LINAC4 ready to go up in energy

Panagiotis Charitos — Thu, 24 Mar 2016 16:41:35 +0000

LINAC4 ready to go up in energy
By Jennifer Toes (CERN)

The DTL section of the LINAC4 (Image: CERN)

The LINAC4 linear accelerator has recently achieved beam commissioning of 50MeV and is now almost ready for the next step of increasing the beam energy even further up to 100MeV. This project is part of the LHC Injectors Upgrade (LIU) required for the needs of the High Luminosity LHC (HL-LHC).

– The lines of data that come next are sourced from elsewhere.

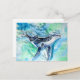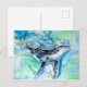 pintura tradicional em aquarela do aparecimento fantasmagórico de uma baleia jubarte em aquarelas azuis em um cartão postal.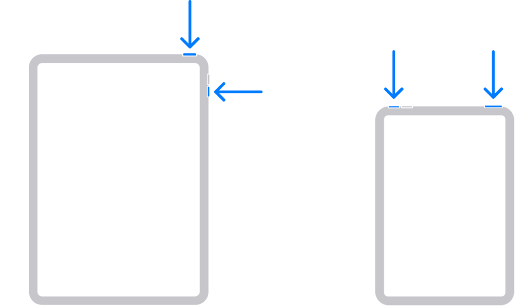 - Then press and hold the top and side button of your iPad.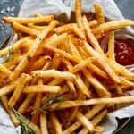 Fries are best fresh, but I store leftovers in the fridge for up to 2 days. To reheat, I use the oven or air fryer—this helps bring back the crisp. I avoid microwaving, which makes them soft.

LINAC4 aims to replace the ageing LINAC2 linear accelerator, going from the present 50 MeV proton beam injection into the Proton Synchrotron Booster (PSB), the first ring in the CERN accelerator chain, to a modern H- ion beam injection at 160 MeV, more the three times the Linac2 energy.

“CERN is one of the few laboratories in the world that has not yet implemented H- injection” said Alessandra Lombardi, who is responsible for the beam commissioning of the LINAC4. Injecting H- at a higher energy results in a smaller emittance in the PSB.

Following the successful commissioning of the three newly designed Drift Tube Linac (DTL) tanks in November 2015, the team began its preparations for the installation of two key accelerating sectors: the Cell Coupled Drift Tube Linac (CCDTL) and PI-Mode Structures (PIMS).

Built in Russia by a collaboration of CERN with two Russian laboratories, VNIITF in Snezinsk and BINP in Novossibirsk, the CCDTL is the next structure to be conditioned and commissioned with beam in the LINAC4.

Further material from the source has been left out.